Chapter 11 Possessive Darkness
Possessive Darkness
~GWENIEVERE~
Ican't deny the food is probably the best meal I've had in a really long time.
The admission surfaces with each bite, flavors exploding across my tongue in combinations that seem almost impossible—too perfect, too precisely calibrated to what my depleted body craves.
The steak practically melts against my teeth, juices carrying depth that speaks to preparation methods I can't begin to comprehend.
The bread tears with satisfying resistance before revealing interiors soft as clouds, butter melting into warmth that makes my eyes close briefly with involuntary pleasure.
I don't remember when I've eaten such amazing food.
The thought carries weight that extends beyond simple culinary appreciation.
When have I eaten like this?
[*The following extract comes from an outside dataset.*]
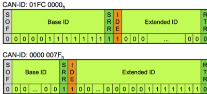
Two examples of Extended (29bit) ID.

We can mix both formats on the same buss without any trouble.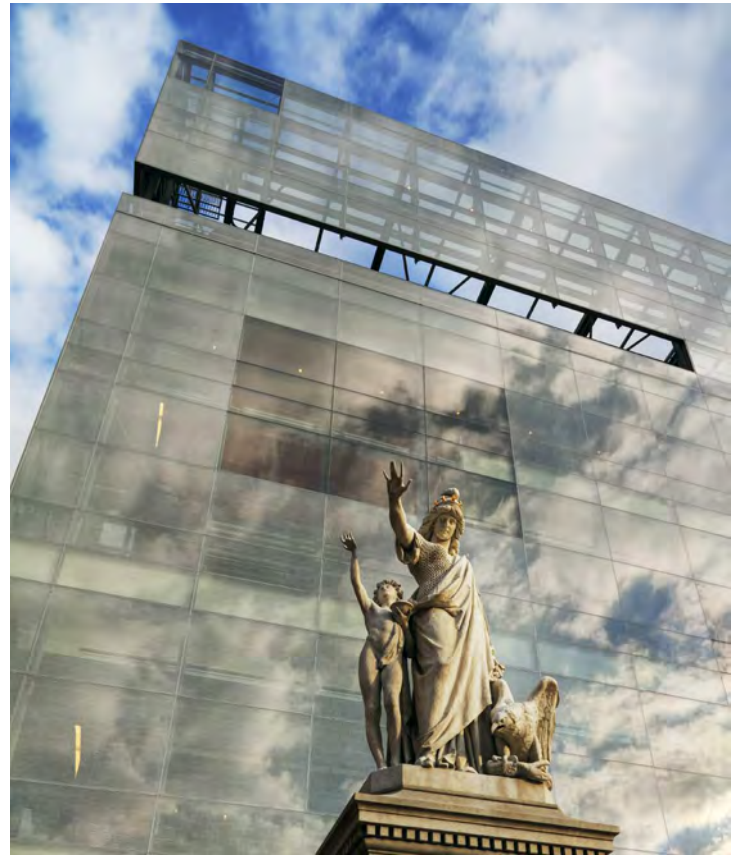
View of "Religious Liberty" sculpture in front of the Museum's glass façade

The design of the National Museum of American Jewish History's new building has been informed by the idea that freedom is the essential humanizing value of American democracy and, thus, central to the narrative of Jewish American life. Facing Independence Mall is a glass prism expressing the openness of America, as well as the perennial fragility of democracy. Built at a cost of $150 million, the five-story, 100,000-square-foot space includes 25,000 square feet of exhibit space, an 85-foot-tall atrium and a 200-seat theater. The terra cotta and glass building is topped out with a beacon of light meant to symbolize themes of faith and patriotism.

Not at the Academy, where meals arrive as fuel rather than experience—nutrition calculated to sustain bodies through trials designed to break them.
Not before enrollment, during the years I spent surviving rather than living, scraping existence from margins that left no room for indulgence.
I'm not a foodie.
Never had the luxury of becoming one, really.
Survival mode doesn't permit the contemplation of flavor profiles or presentation aesthetics.
You eat what's available, what won't kill you, what provides enough energy to face whatever threat waits around the next corner.
Appreciation is a privilege reserved for those who've never wondered where their next meal might come from.
But this...
This is satisfaction that extends past simple sustenance into something closer to healing.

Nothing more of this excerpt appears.